Mam duży zestaw danych z 36 tys. Punktów reprezentujących użytkowanie gruntów komercyjnych, każdy z polem zawierającym materiał kwadratowy. Przeprowadziłem analizę gęstości jądra dla tego zestawu danych, tworząc raster pokazujący gęstość komercyjnych powierzchni kwadratowych w całym obszarze metra. Muszę podzielić ten raster na regiony odpowiadające lokalnym maksimom, które nazywam „centrum”. Ustaliłem już lokalizację centrów, a teraz muszę zrobić jedną z dwóch rzeczy:
użyj narzędzia grupowania punktów, takiego jak „partycjonowanie wokół medoidów”, aby pogrupować punkty w klastry wokół zidentyfikowanych centrów. Problem z tą metodą polega na tym, że jest ona intensywna obliczeniowo, a tym bardziej, jeśli spróbuję użyć macierzy odmienności do ważenia punktów według wielkości.

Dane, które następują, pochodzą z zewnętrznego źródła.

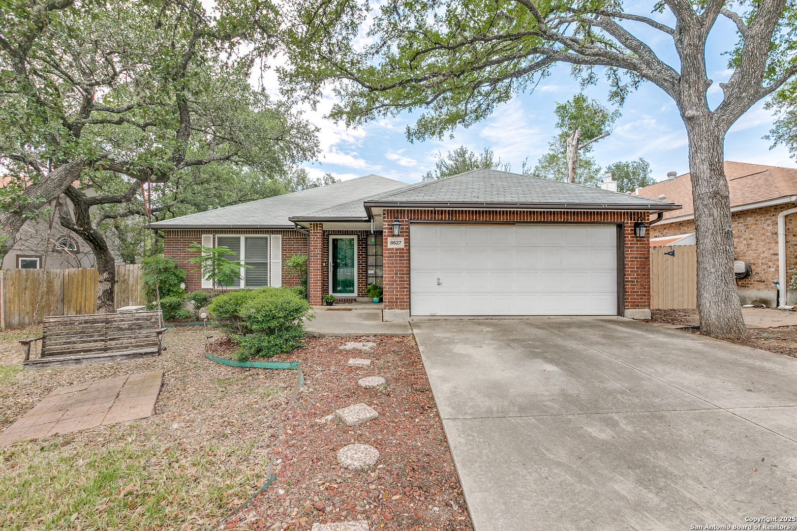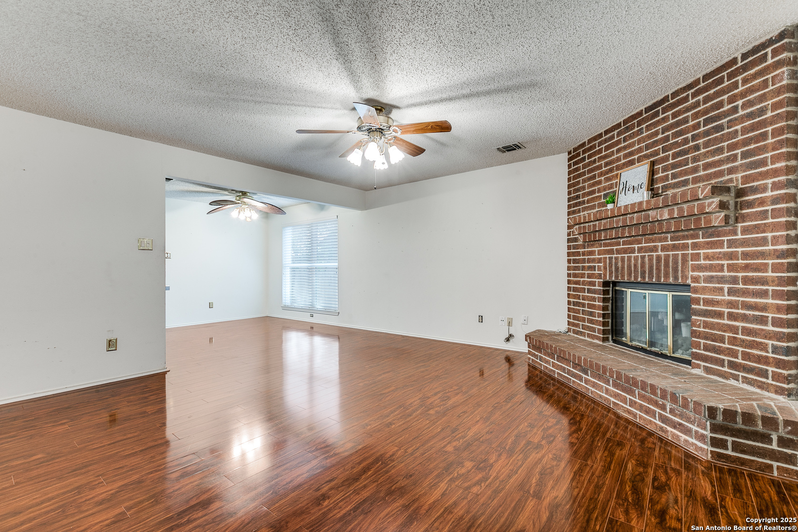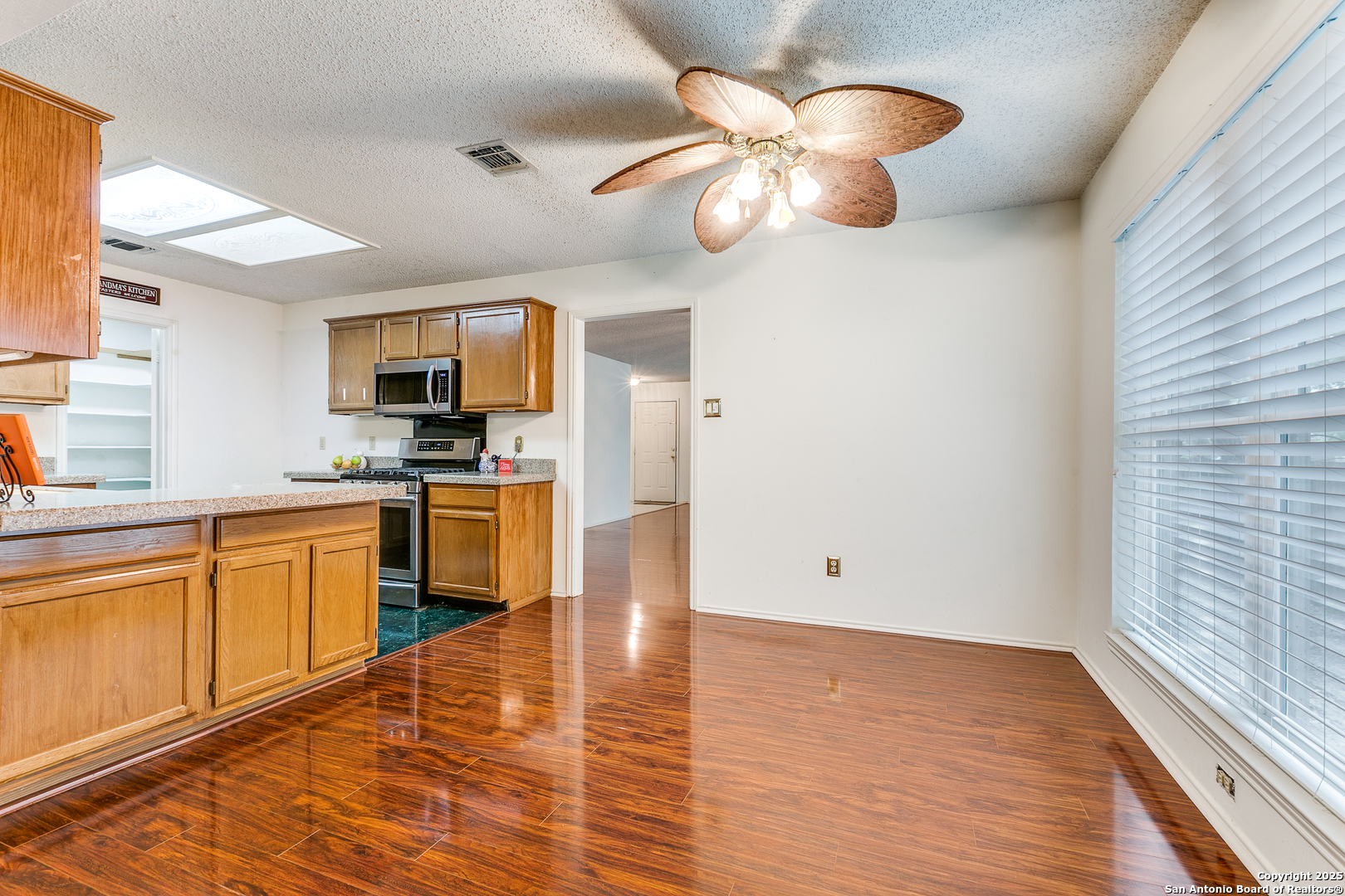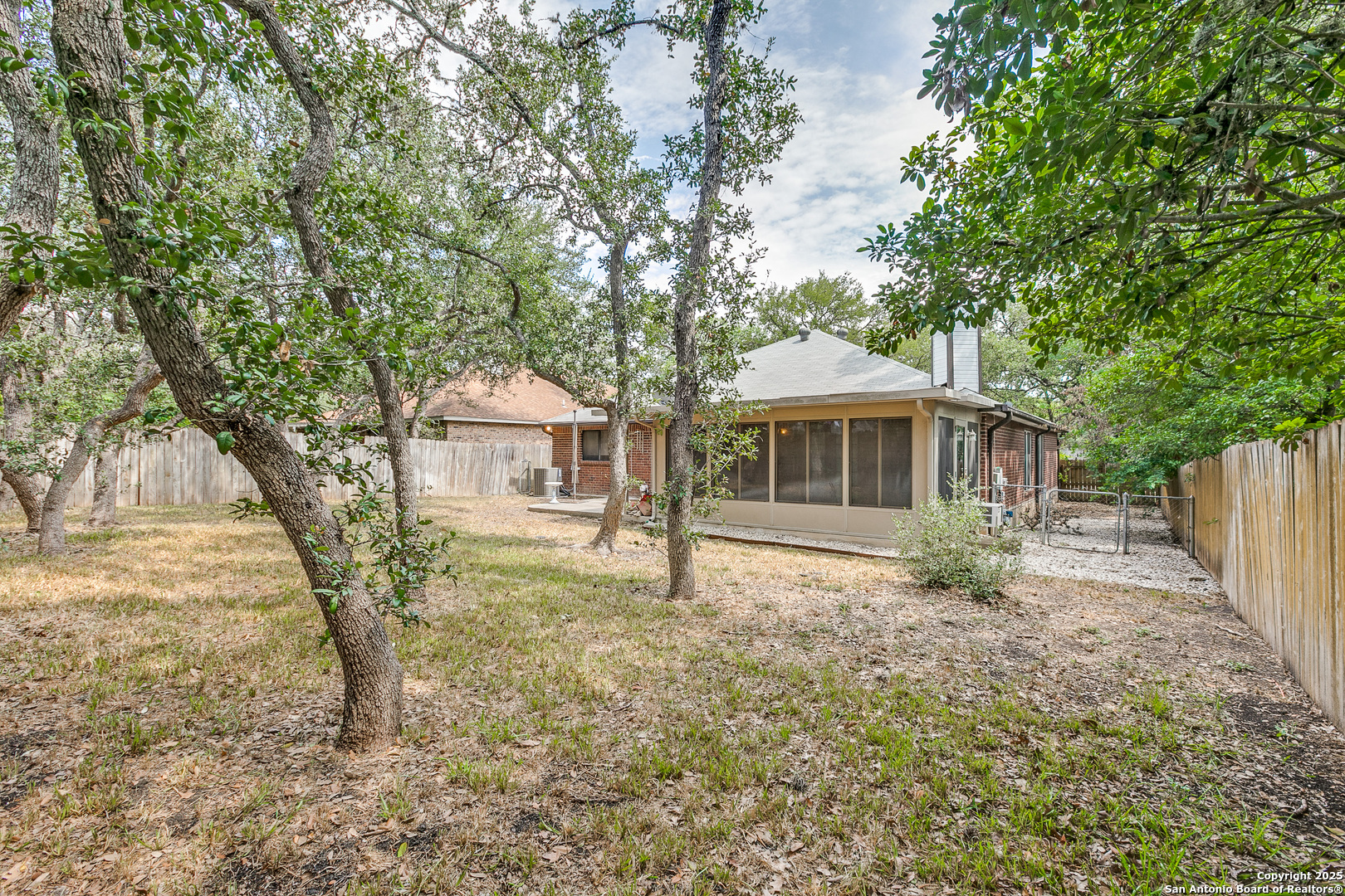 Nestled in the desirable Northwest neighborhood of Silver Creek and located in highly acclaimed Northside ISD, this spacious single-story home offers 2,108 sq ft of thoughtfully designed living space. From the moment you step inside, you're greeted by soaring ceilings and an open, expansive floor plan that seamlessly blends comfort and functionality. This 3-bedroom, 2-bath home features no carpet throughout, offering low-maintenance living. Enjoy two generous living areas, anchored by a floor-to-ceiling brick fireplace-perfect for relaxing or entertaining. The updated kitchen is equipped with granite countertops, gas cooking, a built-in microwave, and an oversized 6x7 walk-in pantry. The split floor plan provides privacy, with a large primary suite featuring a spacious 7x13 walk-in closet and a well-appointed bath. Two additional bedrooms and a full secondary bath offer flexibility for guests or family. Enjoy the versatile 18x12 screened-in porch with air conditioning, ideal for year-round enjoyment and a tranquil outdoor experience. A connected patio offers the perfect space for weekend BBQs, all in a fully fenced, peaceful backyard. Conveniently located near shopping, restaurants, and major highways, this home blends everyday convenience with timeless comfort. A must-see in Silver Creek!

w jakiś sposób podziel raster gęstości jądra (który z grubsza przypomina raster terenu) na poszczególne „wzgórza” wokół każdego centrum. Ale nie mogę wymyślić żadnego narzędzia do tego.
Ten problem trapił mnie od jakiegoś czasu i miałem nadzieję, że będę w stanie wykonać metodę klastrowania w R, ale jest to czasochłonne i brakuje mi czasu. Czy ktoś zna prostą metodę podziału rastrów gęstości na dzielnice intensywności lub szybkiego grupowania dużych zbiorów danych?